Dr Simon Brown, Kingston University

According to Movieweb.com, there are over 250 horror films coming out this year. Including smaller independent movies - that number could be as high as 1000. And while horror films often get critically panned, their popularity is enduring. So when did our hunkering for horror begin? Georgia Mills spoke to Simon Brown, associate professor of film, TV and media at Kingston University about the genre...

Simon - I think human beings have been telling cautionary tales, campfire stories, folkloric tales for hundreds, possibly even thousands of years.

Georgia - That's Simon Brown - he's associate professor of film, tv and media at Kingston University, and the author of  Screening Stephen King. We got together for a chat about the genre.

Simon - It's a broad catch or category and because genres evolve over time, because they're different. You know the type of horror films that may be emerging in cinemas now are dealing with different types of iconography, different types of themes than ones that may have been emerging in the genre in the early nineteen eighties. Because, fundamentally, what the horror genre is asking us to consider the things that frighten us, and the things that frighten us change.

Georgia - So what are the different types of horror film?

Simon - There are lots and lots of different types of horror films and they are aligned with, but not exclusively, different ways of trying to scare the audience. So, if you look at an early vampire film called "Vampyre" everything about that film is uncanny and strange and surreal. It draws on surrealism so everything is off kilter, everything is strange, everything is a little bit weird, everything is not the way it should be. So you have shadows that move independently of the characters. That's one way of doing it - that's surrealism, that's doing everything off balance.

At the other extreme you can simply go for the gross out. You can have films that are excessively violent, excessively gory. And that image of abjection, that image of the body in disarray, that image of bodies being dismembered, and the crunching noises of limbs being hacked off or whatever it may be, is another tool in the armory of the horror film maker.
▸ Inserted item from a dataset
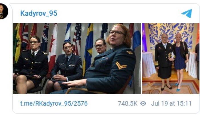 ونشر قديروف على قناته في تيليغرام صورا لمتحولين جنسيا بين قيادات الحلف الذي يدعم الجيش الاوكراني في القتال ضد الجيش الروسي، وكتب معلقا : "ها هم جنود الناتو! نشعر بالقرف من قتالهم".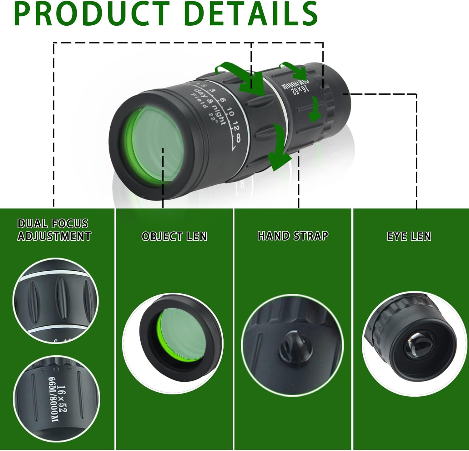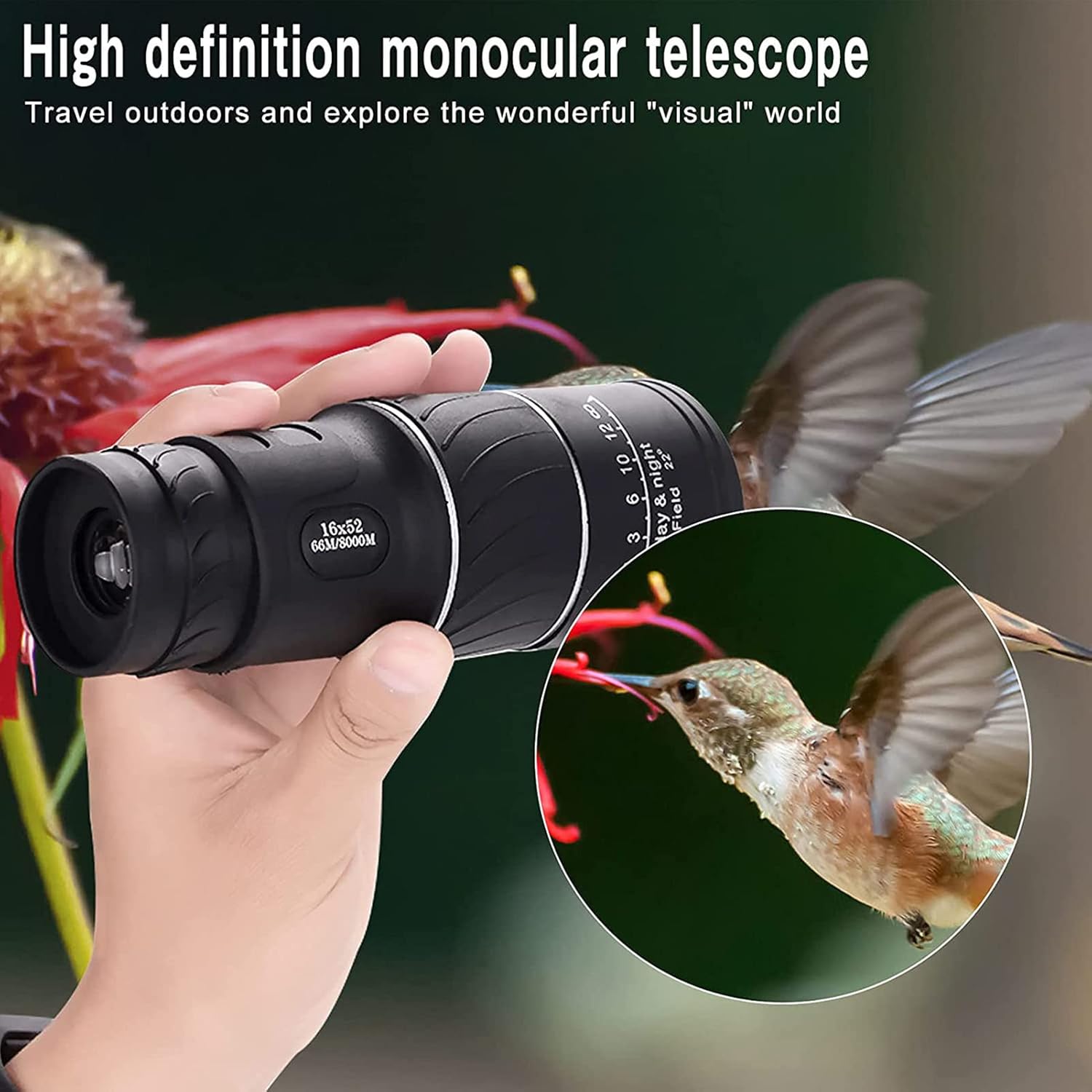 🔭🔎 Découvrez le monde sous un nouvel angle avec cet objectif à zoom optique double focalisation HD 16x52 haute puissance conçu pour les amateurs d'observation, les aventuriers de plein air et les amoureux de la nature 🌠👁🗨

And there are many, many things in between. There's suggestion - one of the finest horror films ever made is "The Haunting" which was directed by Rod Weissman, I think 1962, here, fundamentally, nothing happens. They're in a room and they hearing banging and the banging gets louder and louder, and you never know what's making the banging, but it's the not knowing that makes it scary.

A horror film is a genre in which you have almost unlimited freedom to do all manner of different things in order to get the reaction you want out of the audience. So there's gore, there's suspense, there's surrealism, there's the uncanny, and that's just a few of the things that you could use.

Georgia - BOO! Let's not forget jump scares!